In his decades as a celebrity chef and globe-trotting food journalist, the late Anthony Bourdain gave many great pieces of advice on dining. One of his most famous was a tip in a 1999 New Yorker column about avoiding fish at most restaurants, due to the likelihood of it being improperly refrigerated or not very fresh. He's also weighed in on other, occasionally risky foods: mussels, for example, which he only eats if he "knows the chef personally...[and] has seen how they store and hold their mussels for service" (via Kitchen Confidential). A lesser-known piece of Bourdainian advice, though, concerns a more basic and common food item: the complimentary bread basket. "But what could possibly go wrong with a bread basket?" you ask.

You'd be surprised. For the record, Bourdain does not claim to be a master in the art of baking. "Pastry chefs and bakers know how to do something that I could never do," he confessed to Dominique Ansel in a 2017 exchange (via Food & Wine). But you don't need to be a professional baker to understand why, as Bourdain suggests, eating the complimentary bread at restaurants isn't always a great idea.

An interesting form of recycling

Chances are, the complimentary bread at your table was –– not long ago –– the complimentary bread at someone else's table. Yes, you read that right: most bread baskets are filled with recycled bread. So says Bourdain in his 2000 memoir Kitchen Confidential (via Moneyversed). According to the prolific chef, reuse of complimentary bread isn't just an occasional occurrence, but a "an open secret — and a fairly standard practice — in the industry." It's not difficult to imagine why. "When it's busy, and [the] busboy is crumbing tables, emptying ashtrays, refilling water glasses, making espresso and cappuccino, hustling dirty dishes to the dishwasher –– and he sees a basket full of untouched bread –– most times he's going to use it. This is a fact of life," Bourdain explains.

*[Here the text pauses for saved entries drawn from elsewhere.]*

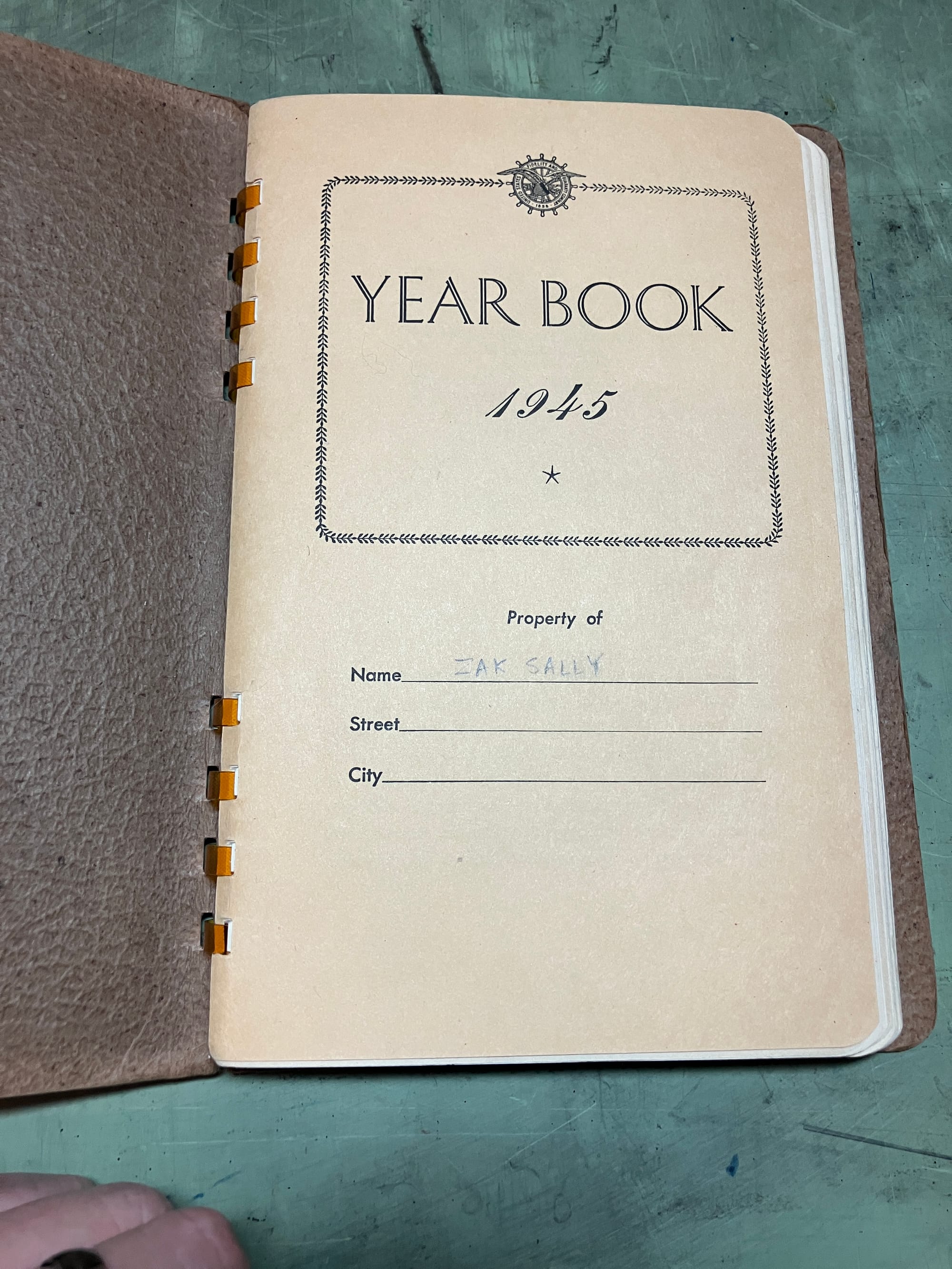 7 or 8 years ago, I found this empty bank/ insurance (?) Journal thing at a thrift store, and bought it not only because it was cool-looking, but also with the the “maybe someday I’ll use this for something” principle in mind. My house is over-filled with shit purchased on that basis, but (and this is strange, for me) at some point I googled what year the days from 1945 would hook up with a present year, and found it was 2024. Even stranger (for me), when 2024 actually rolled around, I remembered that I had this thing, and decided to actually put it to use.
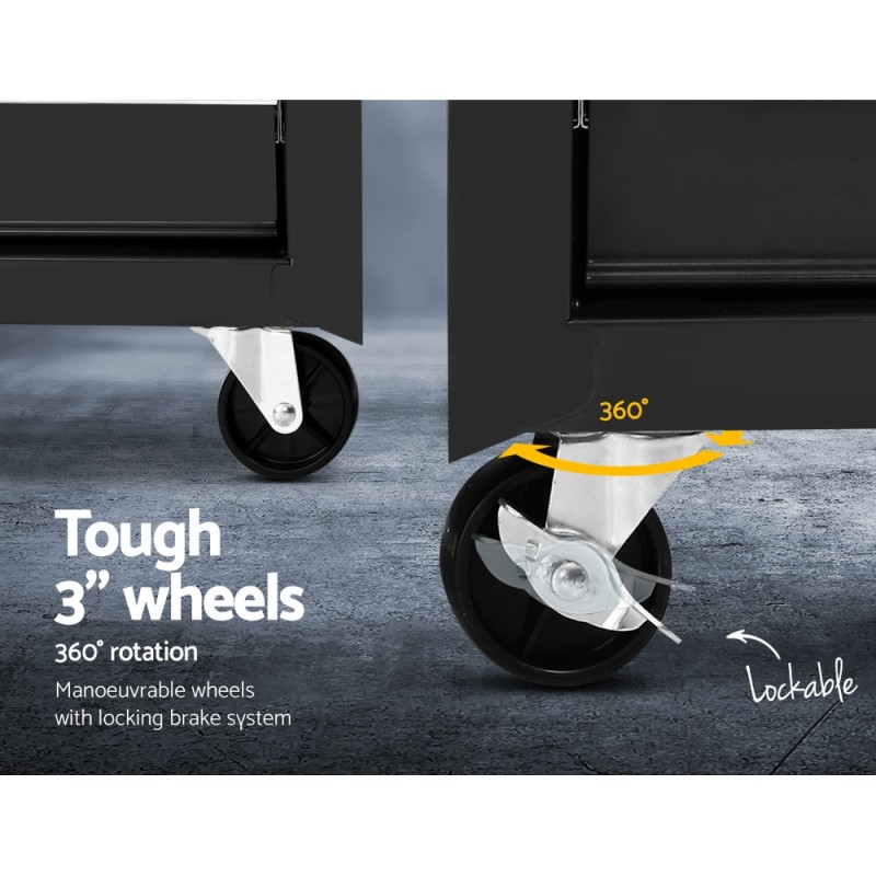 The Giantz 16 Drawer Tool Box Cabinet Chest Trolley is the ultimate solution for your workshop storage needs. Built from durable steel with a sleek black powder-coated finish, this robust tool trolley offers 16 fully lockable drawers, ensuring your tools are organised and secure. The smooth ball-bearing slides and non-slip liners provide easy access and protection for your tools. Its flexible design allows the chest and trolley to be separated, while the 360-degree omnidirectional castors with lockable front wheels ensure smooth manoeuvrability and stable positioning. Perfect for organising and safeguarding your valuable tools, this trolley is a must-have for professionals and DIY enthusiasts alike.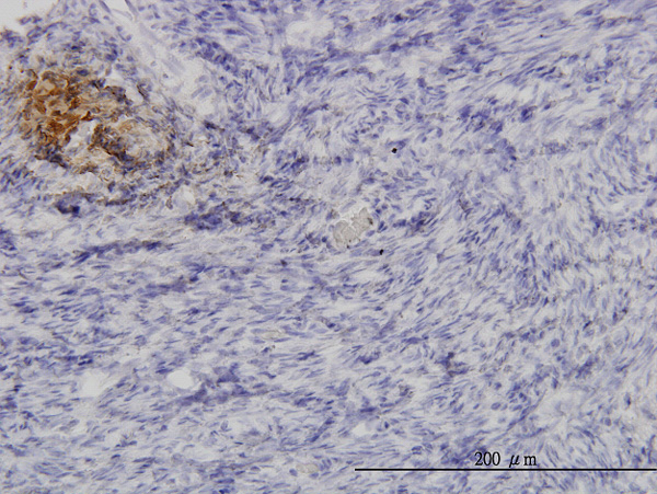 Immunoperoxidase of monoclonal antibody to ANGPTL1 on formalin-fixed paraffin-embedded human ovary. [antibody concentration 3 ug/ml] |

Don't get bent out of shape, though — your chances of getting sick from reused table bread are slim. Bourdain himself isn't fazed by the practice, and openly admits to partaking of restaurant bread, per Moneyversed. As Culinary Lore points out, most outbreaks of illness at restaurants (about 70 percent) come from the staff, not the patrons. If there's anyone you should be worried about coming into contact with your bread, it's the person who brought it to you! As Culinary Lore goes on to explain, bread doesn't even make it onto the CDC's list of likeliest sources of contamination in a restaurant –– you'd be better off worrying about poultry or beef.